## [Material provided]

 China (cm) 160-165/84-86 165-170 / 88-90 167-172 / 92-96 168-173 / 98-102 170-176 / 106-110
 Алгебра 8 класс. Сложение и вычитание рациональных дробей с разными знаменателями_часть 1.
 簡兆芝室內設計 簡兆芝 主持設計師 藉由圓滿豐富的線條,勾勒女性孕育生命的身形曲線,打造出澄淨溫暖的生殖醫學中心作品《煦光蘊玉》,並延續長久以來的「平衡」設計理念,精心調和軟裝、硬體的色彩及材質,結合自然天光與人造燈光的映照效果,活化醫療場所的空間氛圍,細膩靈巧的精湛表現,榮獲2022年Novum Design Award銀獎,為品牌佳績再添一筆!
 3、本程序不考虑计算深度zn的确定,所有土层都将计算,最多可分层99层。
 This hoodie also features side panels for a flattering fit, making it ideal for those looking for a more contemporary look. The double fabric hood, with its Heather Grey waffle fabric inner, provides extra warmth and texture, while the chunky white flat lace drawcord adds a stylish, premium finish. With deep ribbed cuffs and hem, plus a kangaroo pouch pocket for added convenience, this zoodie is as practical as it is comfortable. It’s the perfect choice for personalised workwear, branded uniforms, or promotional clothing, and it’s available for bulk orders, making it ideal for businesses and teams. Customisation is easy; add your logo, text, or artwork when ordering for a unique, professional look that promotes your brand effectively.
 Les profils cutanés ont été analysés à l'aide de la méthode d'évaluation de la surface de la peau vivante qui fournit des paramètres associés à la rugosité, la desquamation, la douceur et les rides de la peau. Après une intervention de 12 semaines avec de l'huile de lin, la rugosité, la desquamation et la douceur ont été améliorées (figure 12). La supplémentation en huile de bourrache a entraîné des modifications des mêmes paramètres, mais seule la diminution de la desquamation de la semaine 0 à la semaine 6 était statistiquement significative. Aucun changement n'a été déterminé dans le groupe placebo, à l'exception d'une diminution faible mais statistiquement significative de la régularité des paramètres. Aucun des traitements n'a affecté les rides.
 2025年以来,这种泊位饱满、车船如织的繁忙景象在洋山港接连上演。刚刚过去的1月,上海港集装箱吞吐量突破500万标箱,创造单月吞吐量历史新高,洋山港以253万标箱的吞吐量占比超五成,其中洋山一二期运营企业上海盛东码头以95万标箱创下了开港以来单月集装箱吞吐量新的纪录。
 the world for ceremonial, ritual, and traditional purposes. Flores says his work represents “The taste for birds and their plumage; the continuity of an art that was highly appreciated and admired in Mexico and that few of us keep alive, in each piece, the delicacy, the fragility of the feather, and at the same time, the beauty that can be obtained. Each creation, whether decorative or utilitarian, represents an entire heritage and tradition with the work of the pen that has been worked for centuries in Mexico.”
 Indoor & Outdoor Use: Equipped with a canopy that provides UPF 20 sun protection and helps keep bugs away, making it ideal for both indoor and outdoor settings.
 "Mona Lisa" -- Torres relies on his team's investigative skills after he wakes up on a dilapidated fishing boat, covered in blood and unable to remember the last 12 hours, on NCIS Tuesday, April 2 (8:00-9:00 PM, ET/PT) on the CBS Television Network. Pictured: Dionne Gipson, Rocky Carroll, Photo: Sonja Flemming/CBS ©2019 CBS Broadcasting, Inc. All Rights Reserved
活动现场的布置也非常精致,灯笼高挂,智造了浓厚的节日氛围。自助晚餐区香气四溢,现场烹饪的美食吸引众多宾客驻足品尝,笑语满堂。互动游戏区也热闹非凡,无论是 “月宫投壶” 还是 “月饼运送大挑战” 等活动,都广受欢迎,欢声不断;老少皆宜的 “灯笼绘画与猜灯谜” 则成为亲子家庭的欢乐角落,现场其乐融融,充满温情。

* * *

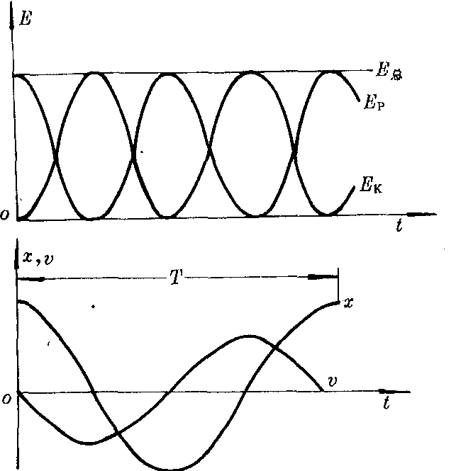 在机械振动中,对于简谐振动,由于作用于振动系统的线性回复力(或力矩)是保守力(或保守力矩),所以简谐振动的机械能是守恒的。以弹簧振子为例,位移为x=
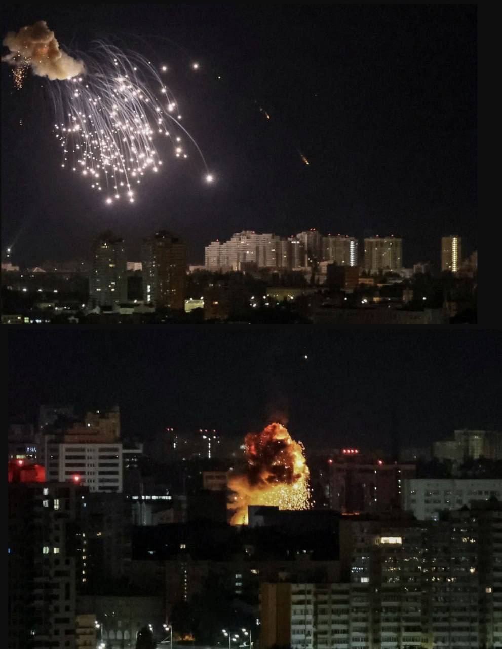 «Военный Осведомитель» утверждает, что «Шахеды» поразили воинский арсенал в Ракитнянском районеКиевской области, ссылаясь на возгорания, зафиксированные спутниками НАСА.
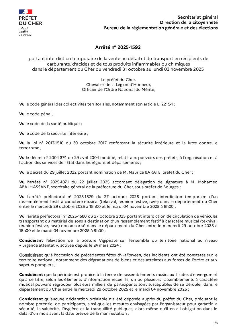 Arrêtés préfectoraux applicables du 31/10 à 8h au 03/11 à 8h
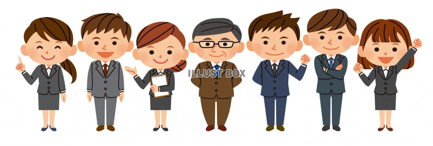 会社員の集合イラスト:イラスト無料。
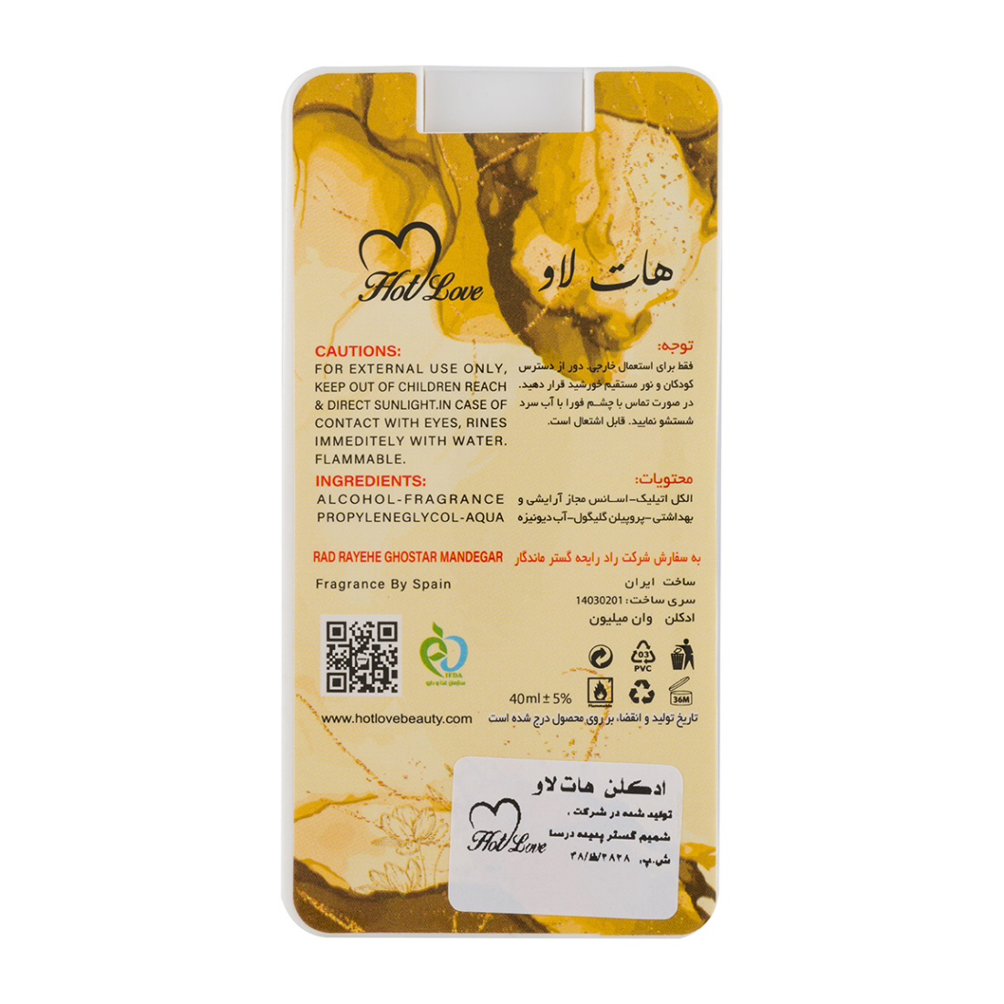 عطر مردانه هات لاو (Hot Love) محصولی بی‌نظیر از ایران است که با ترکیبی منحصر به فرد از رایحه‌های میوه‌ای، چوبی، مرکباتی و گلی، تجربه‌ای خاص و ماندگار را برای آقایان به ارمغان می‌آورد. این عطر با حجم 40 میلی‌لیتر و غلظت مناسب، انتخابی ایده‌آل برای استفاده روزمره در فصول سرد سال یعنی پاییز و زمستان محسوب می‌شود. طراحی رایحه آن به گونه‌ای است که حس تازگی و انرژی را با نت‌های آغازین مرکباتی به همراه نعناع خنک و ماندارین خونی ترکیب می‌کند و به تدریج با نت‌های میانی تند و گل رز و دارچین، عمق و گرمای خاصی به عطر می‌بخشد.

## [Goal of the exercise]
Please give back exactly the lines of this listing beginning at the line with "China (cm) 160-165/84-86" and ending with the line with "2025年以来,这种泊位饱满", both included, and nothing else.

## [Answer]
 China (cm) 160-165/84-86 165-170 / 88-90 167-172 / 92-96 168-173 / 98-102 170-176 / 106-110
 Алгебра 8 класс. Сложение и вычитание рациональных дробей с разными знаменателями_часть 1.
 簡兆芝室內設計 簡兆芝 主持設計師 藉由圓滿豐富的線條,勾勒女性孕育生命的身形曲線,打造出澄淨溫暖的生殖醫學中心作品《煦光蘊玉》,並延續長久以來的「平衡」設計理念,精心調和軟裝、硬體的色彩及材質,結合自然天光與人造燈光的映照效果,活化醫療場所的空間氛圍,細膩靈巧的精湛表現,榮獲2022年Novum Design Award銀獎,為品牌佳績再添一筆!
 3、本程序不考虑计算深度zn的确定,所有土层都将计算,最多可分层99层。
 This hoodie also features side panels for a flattering fit, making it ideal for those looking for a more contemporary look. The double fabric hood, with its Heather Grey waffle fabric inner, provides extra warmth and texture, while the chunky white flat lace drawcord adds a stylish, premium finish. With deep ribbed cuffs and hem, plus a kangaroo pouch pocket for added convenience, this zoodie is as practical as it is comfortable. It’s the perfect choice for personalised workwear, branded uniforms, or promotional clothing, and it’s available for bulk orders, making it ideal for businesses and teams. Customisation is easy; add your logo, text, or artwork when ordering for a unique, professional look that promotes your brand effectively.
 Les profils cutanés ont été analysés à l'aide de la méthode d'évaluation de la surface de la peau vivante qui fournit des paramètres associés à la rugosité, la desquamation, la douceur et les rides de la peau. Après une intervention de 12 semaines avec de l'huile de lin, la rugosité, la desquamation et la douceur ont été améliorées (figure 12). La supplémentation en huile de bourrache a entraîné des modifications des mêmes paramètres, mais seule la diminution de la desquamation de la semaine 0 à la semaine 6 était statistiquement significative. Aucun changement n'a été déterminé dans le groupe placebo, à l'exception d'une diminution faible mais statistiquement significative de la régularité des paramètres. Aucun des traitements n'a affecté les rides.
 2025年以来,这种泊位饱满、车船如织的繁忙景象在洋山港接连上演。刚刚过去的1月,上海港集装箱吞吐量突破500万标箱,创造单月吞吐量历史新高,洋山港以253万标箱的吞吐量占比超五成,其中洋山一二期运营企业上海盛东码头以95万标箱创下了开港以来单月集装箱吞吐量新的纪录。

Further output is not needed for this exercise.